» Data provided
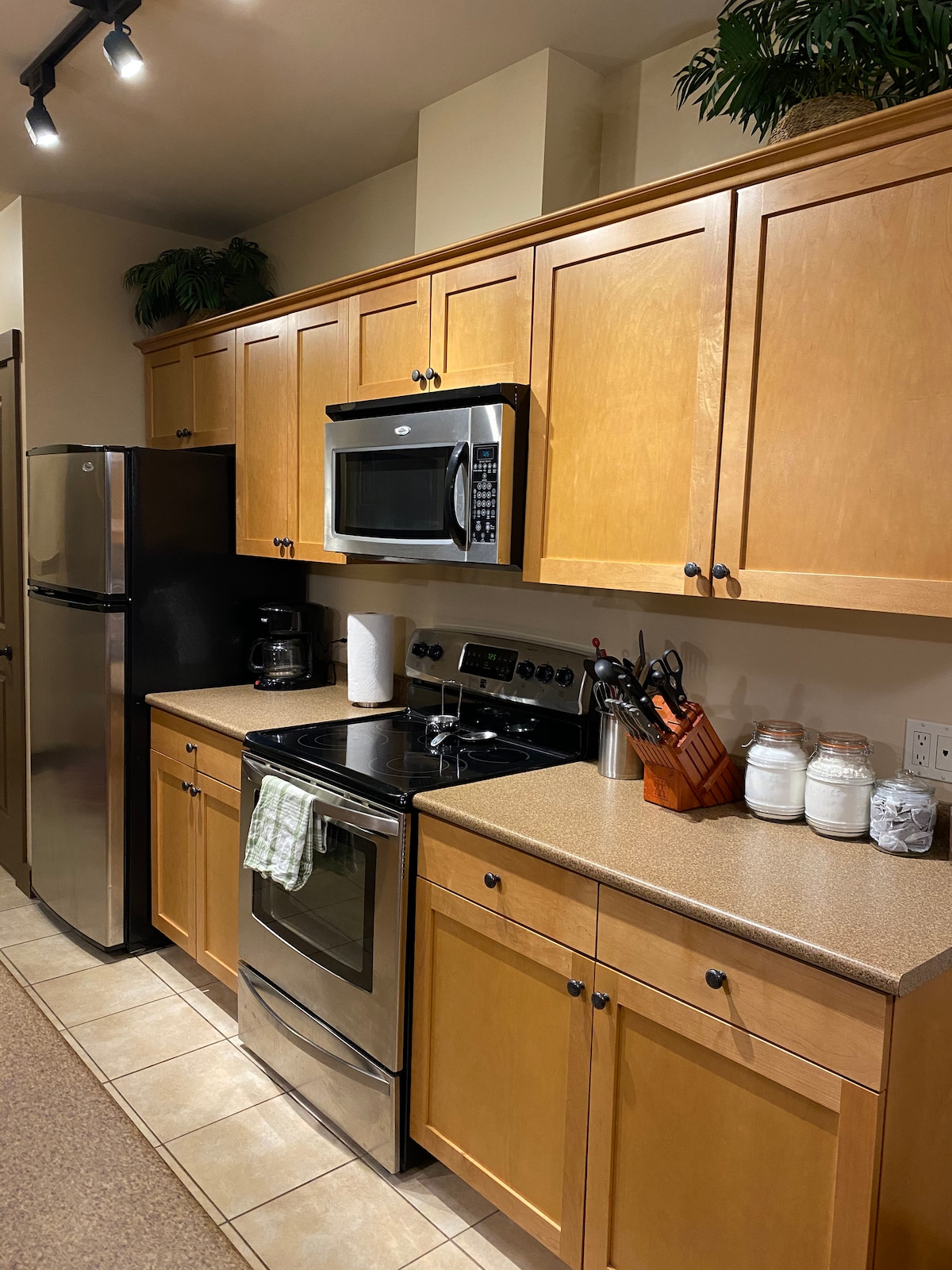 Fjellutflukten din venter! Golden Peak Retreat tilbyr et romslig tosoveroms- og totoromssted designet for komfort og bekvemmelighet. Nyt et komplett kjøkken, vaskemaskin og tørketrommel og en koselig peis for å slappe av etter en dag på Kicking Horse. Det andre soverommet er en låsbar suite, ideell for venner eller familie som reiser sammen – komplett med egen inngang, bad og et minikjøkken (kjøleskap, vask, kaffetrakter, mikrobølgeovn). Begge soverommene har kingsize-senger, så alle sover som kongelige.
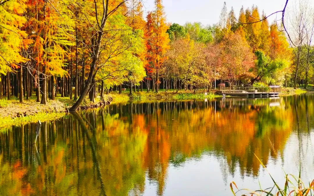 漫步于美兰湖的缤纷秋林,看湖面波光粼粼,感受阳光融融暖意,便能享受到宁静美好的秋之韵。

* * *

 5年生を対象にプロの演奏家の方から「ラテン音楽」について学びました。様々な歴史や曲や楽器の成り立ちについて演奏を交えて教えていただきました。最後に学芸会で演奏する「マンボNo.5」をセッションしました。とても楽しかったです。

==

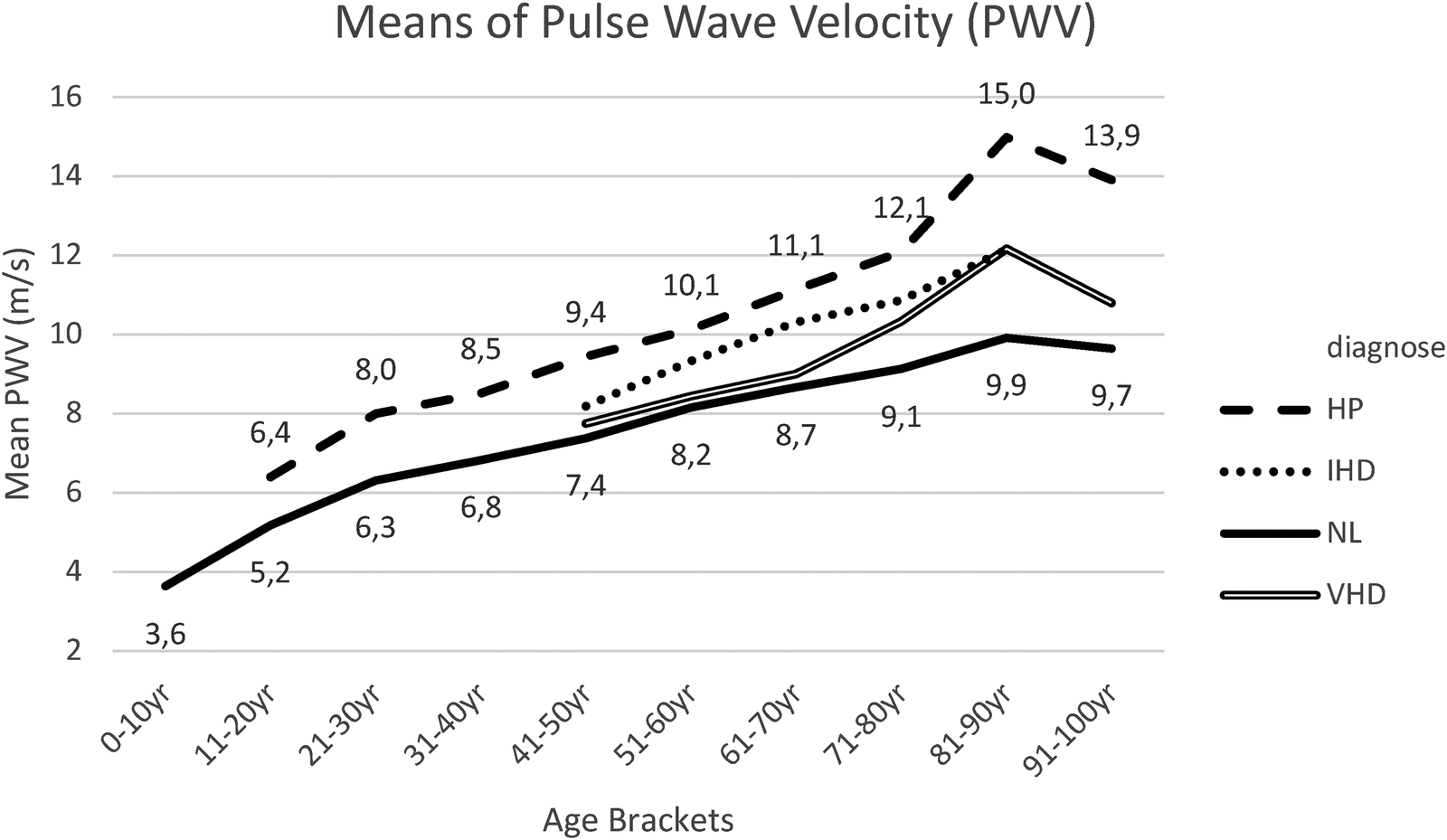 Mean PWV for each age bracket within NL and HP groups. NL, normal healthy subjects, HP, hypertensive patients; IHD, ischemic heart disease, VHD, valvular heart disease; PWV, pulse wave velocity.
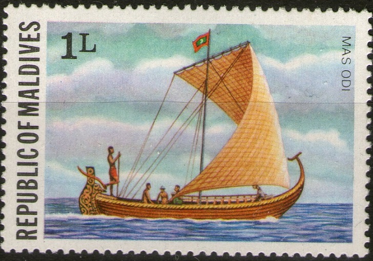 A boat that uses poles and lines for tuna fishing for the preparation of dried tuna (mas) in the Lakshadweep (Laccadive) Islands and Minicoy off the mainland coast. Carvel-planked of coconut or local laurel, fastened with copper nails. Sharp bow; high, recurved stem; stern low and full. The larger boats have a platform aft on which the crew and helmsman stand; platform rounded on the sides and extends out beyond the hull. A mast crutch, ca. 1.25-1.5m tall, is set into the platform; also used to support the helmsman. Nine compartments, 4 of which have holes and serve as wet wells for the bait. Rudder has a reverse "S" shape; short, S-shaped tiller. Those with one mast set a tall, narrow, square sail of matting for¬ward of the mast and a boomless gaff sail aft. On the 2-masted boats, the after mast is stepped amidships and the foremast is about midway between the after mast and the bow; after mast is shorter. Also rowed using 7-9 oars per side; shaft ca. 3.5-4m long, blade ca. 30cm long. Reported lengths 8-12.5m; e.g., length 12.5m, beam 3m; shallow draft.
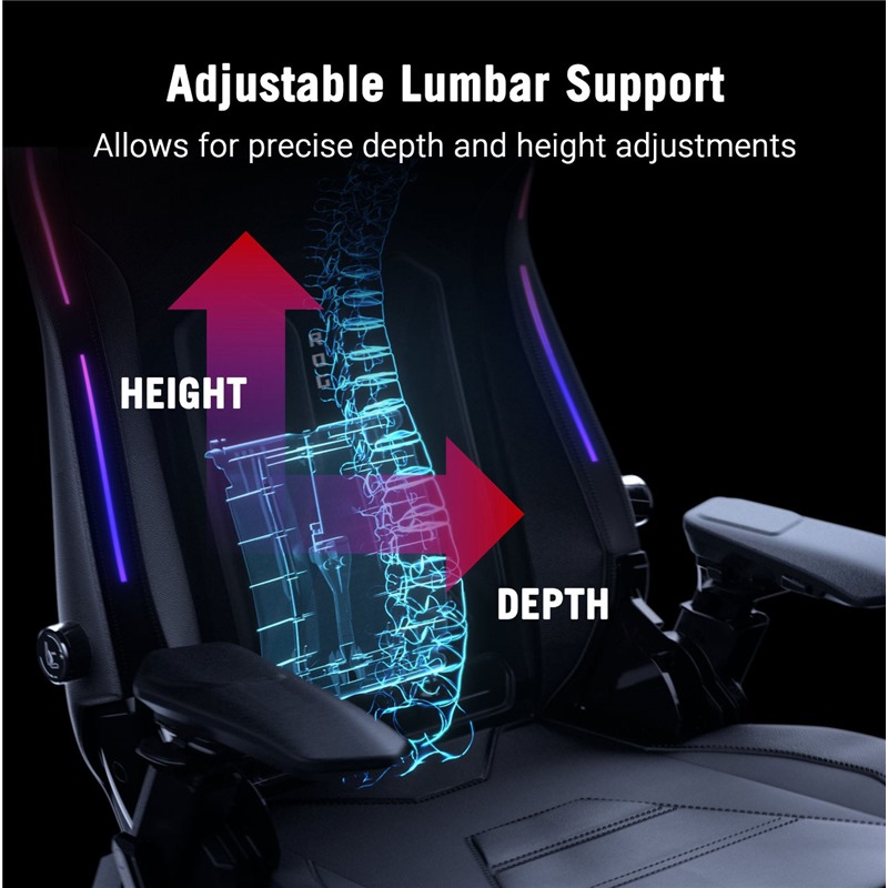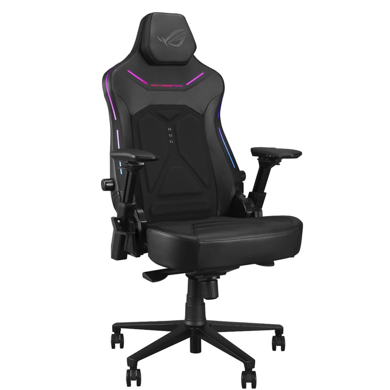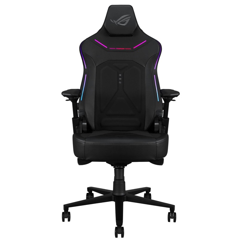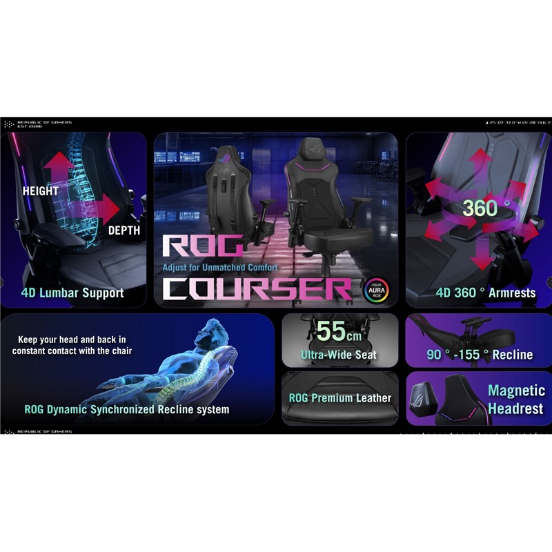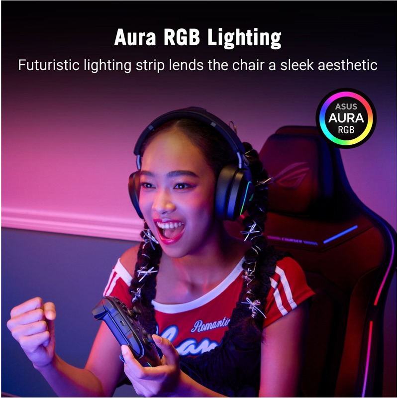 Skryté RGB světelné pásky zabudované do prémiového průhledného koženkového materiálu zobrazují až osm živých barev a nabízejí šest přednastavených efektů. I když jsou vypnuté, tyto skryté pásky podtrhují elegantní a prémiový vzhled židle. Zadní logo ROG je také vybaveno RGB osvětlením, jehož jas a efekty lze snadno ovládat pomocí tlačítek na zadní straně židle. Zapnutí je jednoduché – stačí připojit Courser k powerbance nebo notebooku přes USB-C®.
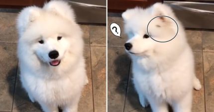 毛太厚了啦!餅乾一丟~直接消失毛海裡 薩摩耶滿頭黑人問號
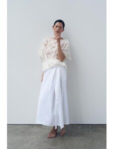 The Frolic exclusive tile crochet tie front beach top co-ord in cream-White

» Work instruction
Every line above in the stretch from the one with "Fjellutflukten din venter!" through the one with "漫步于美兰湖的缤纷秋林,看湖" is to be transcribed exactly, ends included. No picture is copied.

» Response for this exercise
 Fjellutflukten din venter! Golden Peak Retreat tilbyr et romslig tosoveroms- og totoromssted designet for komfort og bekvemmelighet. Nyt et komplett kjøkken, vaskemaskin og tørketrommel og en koselig peis for å slappe av etter en dag på Kicking Horse. Det andre soverommet er en låsbar suite, ideell for venner eller familie som reiser sammen – komplett med egen inngang, bad og et minikjøkken (kjøleskap, vask, kaffetrakter, mikrobølgeovn). Begge soverommene har kingsize-senger, så alle sover som kongelige.
 漫步于美兰湖的缤纷秋林,看湖面波光粼粼,感受阳光融融暖意,便能享受到宁静美好的秋之韵。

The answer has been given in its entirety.